Ho notato, sia nel mio lavoro sia nella vita di tutti i giorni, come la gente (mi ci metto anche io) si sorprenda sempre di quanto, con i suoi “piccoli errori”, possa ferire gli altri. Questi “piccoli errori”, molte volte, sono come la punta di una minuscola freccia che però può ugualmente entrare in profondità. Ma quando questo succede, ci meravigliamo di come l’altro sia stato così male, perché in fondo – così pensiamo – non abbiamo fatto niente di speciale: solo una parola, solo una piccolezza, una puntura di spillo e niente più. Abbiamo poca consapevolezza per il dolore dato e questa ferisce ancor di più: noi stiamo male e “quello” nemmeno se n’è accorto, continua la sua vita come se niente fosse! Allora, molte volte scatta in noi un desiderio di rivalsa, se non proprio di vendetta: vorremmo che chi ci ha ferito potesse provare anche lui la nostra stessa sofferenza. A nessuno piace ammetterlo, ma spesso auguriamo il male e altrettanto spesso odiamo qualcuno. Non lo ammettiamo volentieri perché questo ci farebbe sentire meschini e cattivi, e allora non ci rimane che negare il nostro sentimento. Ma il rancore che cacciamo dalla porta ricompare a volte dalla finestra e gli diamo il nome di giustizia.

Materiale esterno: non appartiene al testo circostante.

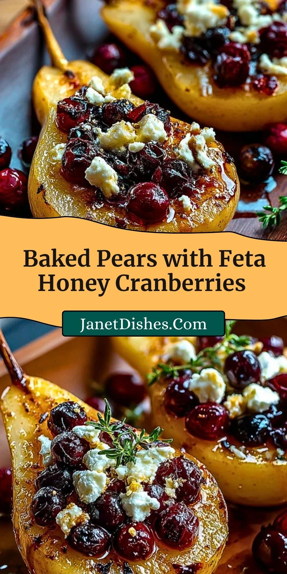 Baked Pears with Feta Honey Cranberries is an easy sweet and savory pear recipe made with tender baked pears, creamy feta, tart cranberries, and warm honey for a simple appetizer, elegant side dish, or holiday starter.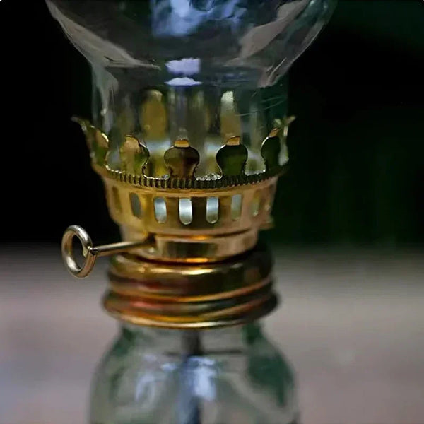 Usually, cotton cord wicks are used, the lamp head is made of copper, and the lamp holder and windproof tube are made of glass. There are multiple claws around the lamp head, and there is a small gear next to it that can control the rise or fall of the cotton rope. By adjusting the position of the cotton rope, the flame size can be controlled, thereby adjusting the brightness. Fill the lamp holder with kerosene, and the cotton rope uses capillary action to suck the kerosene onto the rope head, igniting the rope head to illuminate.

In effetti questa pseudo giustizia altro non è che il desiderio che la persona che ci ha fatto del male possa patire ciò che abbiamo sofferto noi. Non ci sentiamo appagati sino a quando non siamo riusciti a infliggere un dolore all’altro e ci sentiamo giustificati e gratificati da quella che per noi è giustizia, ma, in effetti, è solo vendetta mascherata. Il nostro orgoglio è stato calpestato, ci siamo sentiti trattati peggio di quanto meritavamo e non abbiamo fatto altro che riportare la bilancia in pari. Però a volte succede che anche dopo che

il desiderio di vendetta ha raggiunto lo scopo di ripagare con la stessa moneta il “colpevole”, non ci si senta poi così contenti e appagati, anzi! Una delle sensazioni che ci assale quasi a tradimento è proprio quella di sentirsi svuotati, insoddisfatti. Ma come, ci chiediamo, ho fatto giustizia e mi sento peggio di prima? Prima o poi ci accorgiamo che la nostra azione non ha cambiato proprio niente, la situazione è rimasta così com’era e ci sentiamo depressi, con la sensazione tangibile di futilità. Ci vergogniamo di ciò che abbiamo provato o fatto; una sorta di strana angoscia ci assale e ci fa sentire tutta la nostra meschinità. Un po’ quello che devono aver provato i biblici Adamo e Eva, ci scopriamo nudi. Pensavamo di essere vestiti, coperti di buoni sentimenti e di buoni propositi e invece, solo per aver riportato un po’ di giustizia, eccoci qui nudi alla mercé dello sguardo dell’altro che ora ci giudica per la nostra aggressività e per non essere riusciti a controllare i nostri istinti belluini. Ho trovato alcuni pensieri sui quali si dovrebbe riflettere: “L’atrocità della vendetta non è proporzionale all’atrocità dell’offesa, ma all’atrocità di chi si vendica”, e inoltre “È tanto più facile ricambiare l’offesa che il beneficio; perché la gratitudine pesa”. Scopriamo allora quanto sia vero che la sete di vendetta prosciuga l’anima, la consuma, la brucia nel profondo così che dopo non riuscirà mai più a germogliare nulla. Anche se abbiamo ferito l’altro solo con una parola, solo con una puntura di spillo, a volte dobbiamo fare i conti con quella parte di noi che non si dà pace se non vede la sofferenza dell’altro, anche se – come abbiamo visto – potremmo pagare un prezzo decisamente alto. Abbiamo una coscienza e questa, fortunatamente, si fa sentire.